Our work with injured Veterans returning from Iraq and Afghanistan—whose wounds are both seen and unseen—is making a huge difference not only in their quality of life, but in the quality of lives of countless others—America’s Veterans and the global community’s citizens—who will benefit from our R&D in TBI, spinal-cord-injury, PTSD, diabetes, heart disease, and other physical and mental health conditions.
It is important to see VA R&D as part of a broader system of innovation. Not only scientific and clinical insights, but also through people, processes, and technology; not only long-term, but in the shorter-term using historical information and by creating on-ramps for new procedures and technology to pilot and prototype improvements; not only what medicine needs to advance practically for mankind, but to do what Veterans may need and no one else will do, like Agent Orange, Gulf War, and hexavalent chromium. We must match our principles, and complement other government and private-sector investments. And we must embrace positive influence and insight from other disciplines and treatments like those in integrative medicine.
At VA as a whole, we know we cannot rest on our laurels—as comforting as they may be. We must constantly press forward in our quest for excellence, or we, like all organizations, will risk irrelevance, an example of the failure to anticipate. Maintaining VA status quo in a changing and demanding environment equates to failure to recognize and plan for the future.
We cannot afford the consequences of inaction—we must seize the opportunity to lead change in healthcare to the benefit of Veterans, the country, and the world. For example, our current model is utilization-driven; but the assumption that more care is better care isn’t valid. More utilization doesn’t equate to quality or better outcomes; it does lead to higher costs. To improve quality and access, while controlling costs, we must design a healthcare system that drives and measures quality and access outcomes—not utilization.
Our goal is to optimize, not maximize healthcare for Veterans, so we can responsibly use public resources. We need to bend the knee of the cost curve—to achieve the best balance between quality and good stewardship of the taxpayer’s dollars;
The old system, and much of what still passes for new, is based on a traditional model of delivery and utilization that are not in line with the needs of Veterans today. We must get to the heart of the matter—reduce the variances, focus on the quality, and adhere to patient-centric standards. We must align ourselves with the evolving healthcare system of tomorrow—even better, we must be the model for that system, in the lead, out in front.

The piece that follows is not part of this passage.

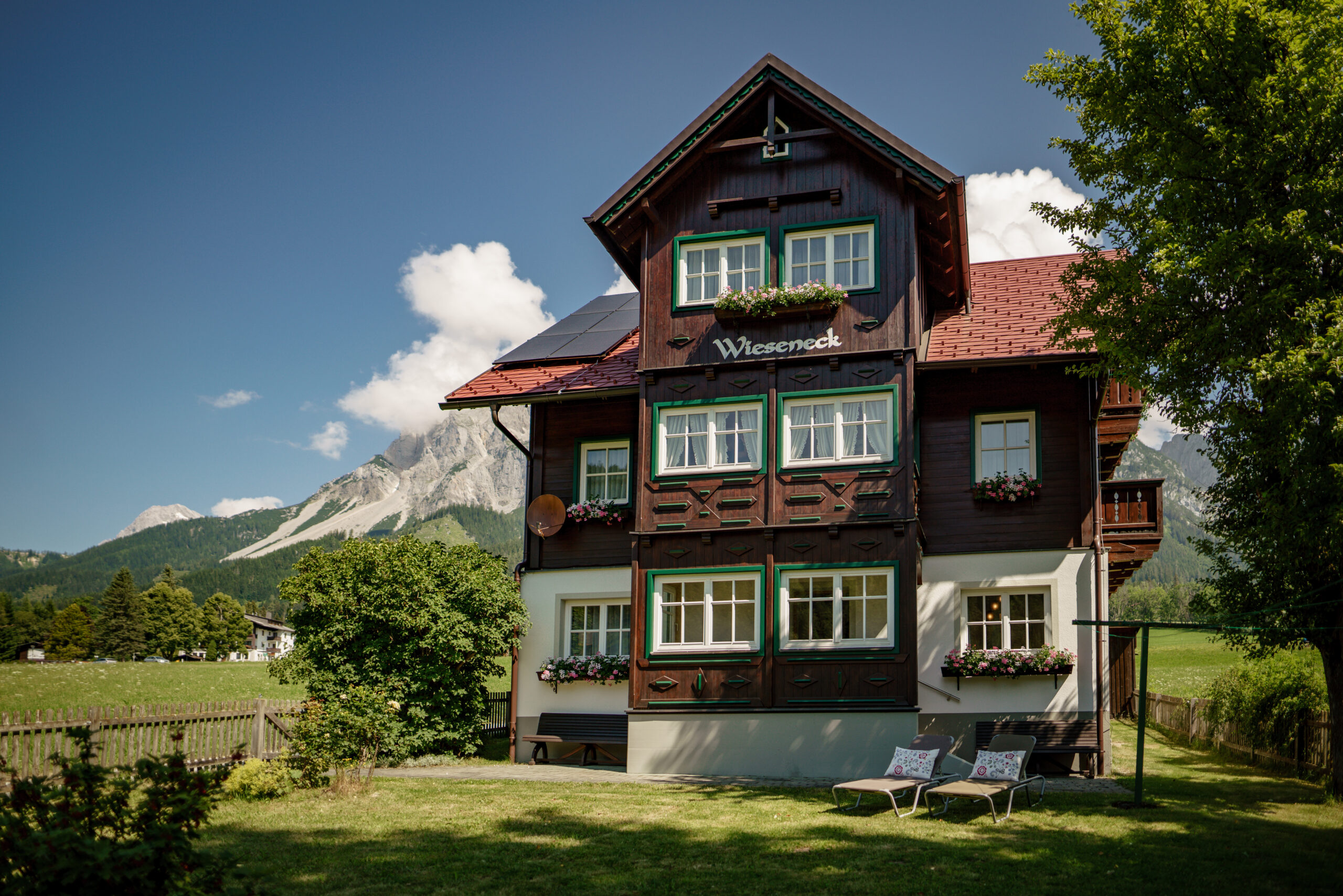Unser Wieseneck liegt alleinstehend inmitten von Bergwiesen in der Nähe von Ramsau Kulm. Mit einer traumhaften Aussicht auf die Ramsauer Bergwelt und die Schladminger Tauern. Wanderwege, MTB-Trails und im Winter die Loipen führen direkt am Haus vorbei. „Vom Bett auf die Loipe“. Restaurants, Supermarkt und Bushaltestellen sind in ein paar Minuten zu Fuß erreichbar.

Prevention and health maintenance must be the cornerstone of the new care model. It is right morally to prevent suffering; it is right fiscally, to avoid unnecessary costs. Prevention of illness and comprehensive health management is the most efficient, highest quality, and economically responsible way to promote health and avoid disease.
What, therefore, can R&D do to prevent disease? The answer is not only captured in Research and Development’s four strategic goals, as outlined in R&D’s 2009-2014 Strategic Plan, including: advancing knowledge toward improving Veterans’ health and well being; applying advances in scientific knowledge to create, test, compare and implement new treatments; attracting, training, and retaining the highest caliber staff—those of you here today; and assuring a state-of-the-art research enterprise. But it is also captured in the spirit of the researchers and innovators here today. The vision for R&D’s future is filled with opportunity and improved care for our Veterans—and the world.
On behalf of Secretary Shinseki, I commend all of you for your hard work, and for your dedication to our Veterans—today’s and tomorrow’s. I’d like to leave you with this thought: Eighty-five years from today, on the cusp of the 22nd Century, VA researchers in 2095 will look back on all you have accomplished and, I’m sure, will credit you with setting the standards of excellence that will have become their benchmarks.